Write out the data word for word and omit every picture.

## Given data
=== Section Start ===

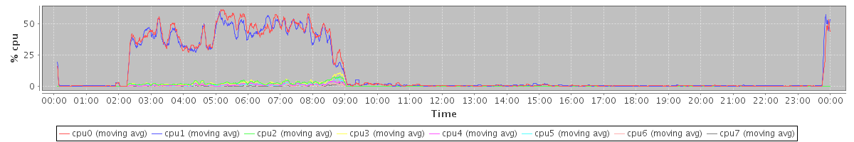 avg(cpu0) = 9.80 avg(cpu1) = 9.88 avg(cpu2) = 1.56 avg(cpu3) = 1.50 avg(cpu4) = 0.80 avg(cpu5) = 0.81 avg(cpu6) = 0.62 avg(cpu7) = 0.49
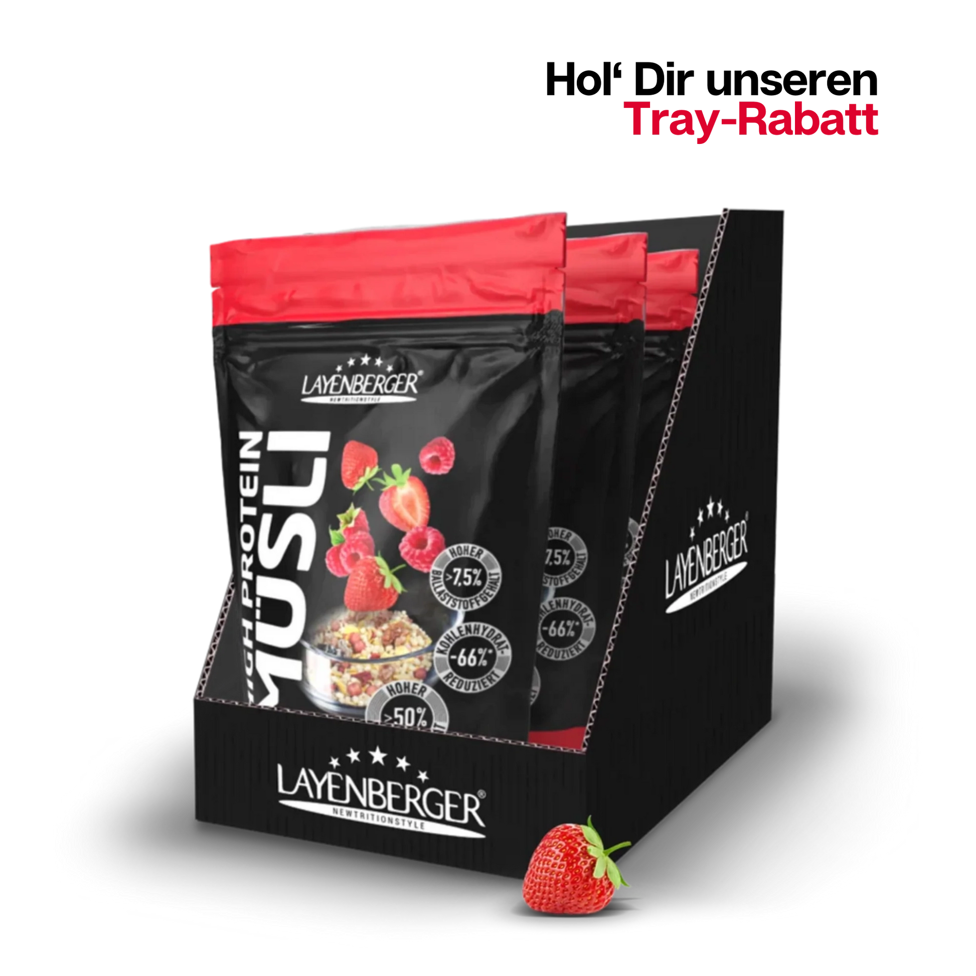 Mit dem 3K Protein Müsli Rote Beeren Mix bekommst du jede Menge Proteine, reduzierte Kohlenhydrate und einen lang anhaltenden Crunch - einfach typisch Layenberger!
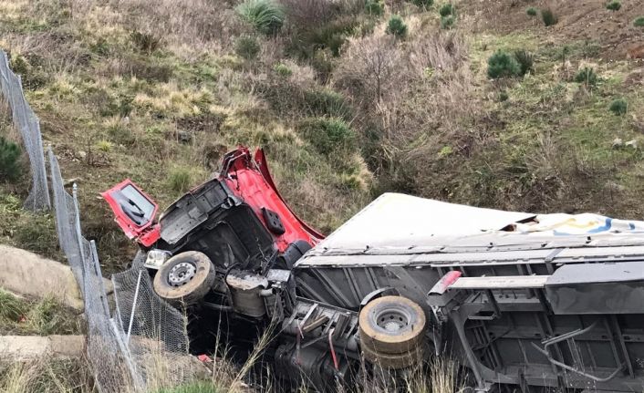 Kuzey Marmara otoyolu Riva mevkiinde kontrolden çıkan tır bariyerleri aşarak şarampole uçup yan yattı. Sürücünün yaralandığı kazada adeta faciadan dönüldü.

=== Section End ===

## Your solution
 avg(cpu0) = 9.80 avg(cpu1) = 9.88 avg(cpu2) = 1.56 avg(cpu3) = 1.50 avg(cpu4) = 0.80 avg(cpu5) = 0.81 avg(cpu6) = 0.62 avg(cpu7) = 0.49
 Mit dem 3K Protein Müsli Rote Beeren Mix bekommst du jede Menge Proteine, reduzierte Kohlenhydrate und einen lang anhaltenden Crunch - einfach typisch Layenberger!
 Kuzey Marmara otoyolu Riva mevkiinde kontrolden çıkan tır bariyerleri aşarak şarampole uçup yan yattı. Sürücünün yaralandığı kazada adeta faciadan dönüldü.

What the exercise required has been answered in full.